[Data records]
+ + + + +
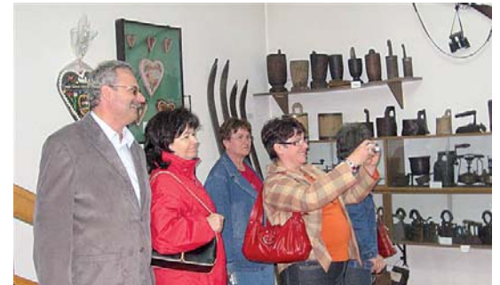
A Regionális Múzeum gazdag gyűjteményét csodáltuk
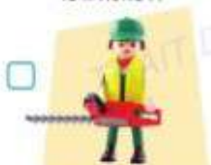
les jouets Playmobil
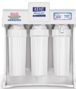
Coswatech RAMA ELITE + new KENT ELITE + new Commercial RO Water Purifier
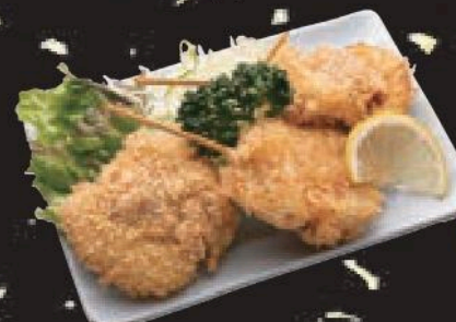
まぐろ串カツ 300円(税込330円)
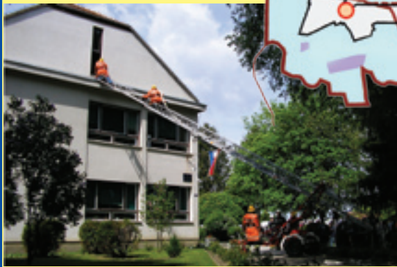
Vatrogasna vježba "OŠ Donji Kraljevec 2005." okupila je vatrogasce cijele Zajednice općina
+ + + + +
:: Required work ::
Exactly as written, reproduce all of the entries while dropping the pictures.

:: Result of this exercise ::
A Regionális Múzeum gazdag gyűjteményét csodáltuk
les jouets Playmobil
Coswatech RAMA ELITE + new KENT ELITE + new Commercial RO Water Purifier
まぐろ串カツ 300円(税込330円)
Vatrogasna vježba "OŠ Donji Kraljevec 2005." okupila je vatrogasce cijele Zajednice općina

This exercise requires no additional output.